Collective Agreement Resolving Disputes


The 1991 Act allows the employer to lock out an industry as an extreme measure during the process of negotiating a collective agreement. The procedural conditions are similar to those that apply to unions when they call a strike. Thus, the employer is required to lay off three days in advance and a lockout may be illegal for the reasons mentioned above for strikes. Workers affected by a legal lockout are entitled to a payment at the half rate of their normal rate. The Law on Collective Agreements (No. 2/1991 in the Collection of Laws), as amended, defines the terms of collective disputes between employers and unions, regulates the organization of trade union actions and provides for mediation and arbitration procedures before any action. The contracting parties are responsible for complying with their provisions. The Collective Agreements Act of 1991, as amended, governs strikes. A strike is defined as a partial or total work stoppage by employees. The law implies a peace clause in collective agreements – that is, both parties are required to preserve “social peace” after a collective agreement is concluded. Strikes can also be organised in solidarity with workers from other companies or organisations; These strikes are intended to assist striking workers in the dispute over the conclusion of their collective agreement. A strike notice must be sent in writing at least three working days before the strike begins.

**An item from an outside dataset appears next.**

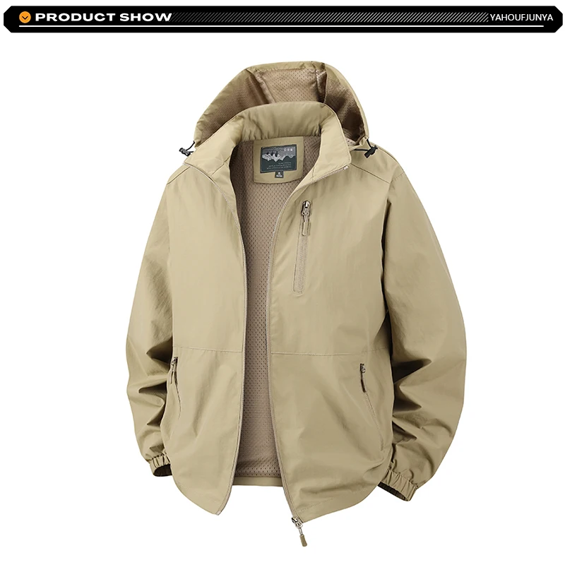 2026 New Spring Men Outdoor Thin Hooded Brand Windbreak Jacket Men Autumn Outwear Casual Fashion Solid Jacket Male Coats Tops

The notice indicates the start date, the strike objectives and the names of the union representatives who lead the strikers. One of the fundamental principles of the code is the prohibition of work stoppages for the duration of a collective agreement. This means that disputes that arise during this Parliament must be resolved without strike or lockout. A proposal to appoint a mediator to assist in the conclusion of a collective agreement cannot be submitted until at least 60 days have been made available since a written proposal by one of the negotiating parties for the conclusion of a new collective agreement and the opening of negotiations (SK0210102F). Mediation takes place only if the parties wish and is intended to bring both parties to an agreement in a collective dispute. Any adult citizen or legal entity can act as a mediator and be placed on an official list of mediators (the same applies to arbitrators). If the parties do not agree on a mediator, one of the parties may ask the Ministry of Labour, Social Affairs and Family (hereafter referred to as the ministry) for a party to be designated from a list maintained by the ministry. Parties who have entered into a collective agreement must submit the collective agreement and accompanying documents to the Ministry of Social Affairs and Health within one month of the signing of the collective agreement. The employer must submit a copy of the agreement in writing and by e-mail so that the common law agreement can be published on the Internet.